Readers of this site are probably aware that you can’t read too much into statistics this early in the season because players have only given us a small sample of data to work with. The concept is that there isn’t enough data in a small sample to make an informed conclusion about the data that is available. This is technically true, but one of my biggest pet peeves in baseball analysis is that analysts seldom, if ever, define the population of data they are sampling and therefore do not actually prove that the sample is small. This drives me up the wall because frequently even good analysts suggest that a sample is small, when, in fact, it is not. Good baseball analysts also tend to dismiss trends drawn from small samples too quickly. The purpose of this post is to correct a few of these assumptions, and hopefully offer something helpful to the debate.
The number one mistake baseball analysts typically make when discussing a small sample of data is failing to understand what defines a small sample. Instead, the concept of the small sample is thrown around to describe any data that the analyst feels was collected over a period of time that does not accurately reflect the player or team’s true potential performance. You may, for example, see someone suggest that through early May it is unwise to read too much into a player’s performance because the amount of data provided constitutes a small sample. This seems true because we know, for example, that Mark Teixeira‘s numbers through May of last year did not reflect his season totals, but in Tex’s case early May actually was a large sample, by definition. Don’t take my word for it. According to Kaplan’s MBA Fundamentals Statistics, a small sample is “defined as a sample size of 30 or fewer items” (page 98). That means that by virtually any measure — games, at-bats, plate appearances — Tex has provided us a large sample of data to work with through the first five weeks of the season. That sample just didn’t reflect the performance we’d wanted to see.
The number 30 is not an arbitrary cutoff point for separating small and large samples. Its definition is rooted in an important distinction of statistical inference, the use of statistics to draw conclusions about populations of data (the entire collection of data possibly available) using only samples (subsets of those entire populations). At samples of 31 data points or more, the t-distribution, which is the distribution used in statistics to draw conclusions when only a small sample of data is available, approximates the normal distribution. At that size, the two distributions are approximately the same (Kaplan, page 104). Below 30 observations, the t-distribution is bell-shaped, similarly to a normal distribution, except it has fatter tails. This means that its mean is more likely to be influenced by outlier values than is the case in a normal distribution.
This latter point is why it is correct to caveat, but not entirely reject, conclusions drawn from small samples. It’s not that those conclusions are wrong–it’s just that extreme outlier values in the sample can incorrectly influence the mean. Robinson Cano provided us a perfect example on Saturday. Through Friday he was batting .276/.300/.483. He had a great game Saturday and entered Sunday’s game batting .324/.343/.618. Cano provided outlier performances before and during Saturday’s game. Those performances knocked his slash stats all over the place.
If by now you trust that samples of 31 or greater are actually large, it means that baseball players provide us with large samples quickly. When talking about batters a large sample can be said to be 31 plate appearances, which for most Yankee position players has already happened. For pitchers it can be said that a large sample of data occurs after 31 innings. This will take a little while longer, but CC Sabathia is almost there.
This, then, raises a different question. If large samples have more than 30 observations, and can be used to draw conclusions with few caveats, why then do the first 31 plate-appearances of a player’s season, or the first 31 games of a team’s season, often fail to predict the rest of the player’s or team’s season? There are several answers to this. The first has to do with standard deviation. As more observations are collected, the standard deviation of the sample goes down, which improves the accuracy of conclusions. Another perfectly valid explanation for this may also be that the true population of baseball data is not in fact normally distributed, which throws almost all our assumptions about mean tendencies out the window (and is a far more complex topic).
There is, however, a third explanation that is often overlooked.

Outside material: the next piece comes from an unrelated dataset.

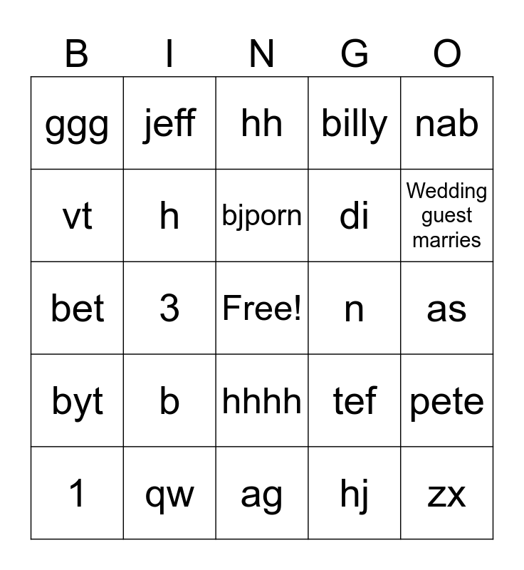This bingo card has a free space and 29 words: 1, 2, 3, fff, ggg, hh, h, b, n, qw, as, zx, ag, hj, Wedding guest marries, fff, hhhh, byt, nab, bet, tef, hil, di, vt, billy, jeff, pete, bjporn and ki,.

Just because two samples are large does not mean that they were drawn from the same population of data. They may, in fact, be samples of two different populations that actually need to be separated. Two examples can illustrate this point. First, imagine you want to estimate the height of people living in New York City. You take the average heights of individuals as they leave a bus. Over a sample of 40 individuals (a large sample) you get an average height of 4’7″ tall, with only three individuals coming in at over 5′ tall. This happened because I declined to mention that the bus was a school bus. The only adults on board were two teachers and the driver. The rest were school children. This was an example of omitted variable bias. We missed a critical fact about our results, one that would have changed our analysis. In this case, school children are not representative of New York’s adult population. They need to be separated from the adults.
Returning to baseball for the second example, we all know that in 2010 Tex hit like garbage in April, a bit better in May and June, was on fire in July and August, and then went ice cold in September. Tex’s performance was different in each of these periods, so much so that while they all encompass components of the same season they are probably samples of different populations of data that are independent of each other (April Tex, Tex swinging the bat well, injured Tex, etc.). Throughout the course of the season things happen to players that have the same impact as the school bus in the first example. As players get hurt or make adjustments that change their performance, one sample ends and another begins. As analysts it is our job to recognize when these changes have occurred, and separate the samples.
In conclusion, small samples get beaten up a lot in baseball analysis because they are misunderstood. While there are justifiable caveats regarding conclusions drawn from small samples, those caveats are not as damning as we often think. Furthermore, small samples are much smaller than we often realize. Once we are observing more than 30 points of data for whatever we are analyzing we are officially working with a statistically valid, large sample. Baseball performance varies wildly during the course of the season not because it takes time for a player or a team to submit a large sample, but actually because analysts often fail to separate independent samples that describe means that at first blush appear similar, but are in fact different.
LIKE TYA ON FACEBOOK
- TYA To Merge With It’s About The Money, Stupid
- What about Kevin Youkilis?
- Teix Now Front And Center On The “Needs To Produce” Radar
- Cashman: Heathcott A Dark Horse Candidate
- A Dog Chasing Cars
- Outfield Trade Targets
- The Problem With Brett Gardner
- A Look At Relief Prospect Branden Pinder
- The Yankees Should Be Realistic, Put Team on Short Leash in 2013
- Briefly discussing the internal options to replace Curtis Granderson
- the tao of badass pdf on What about Austin Romine?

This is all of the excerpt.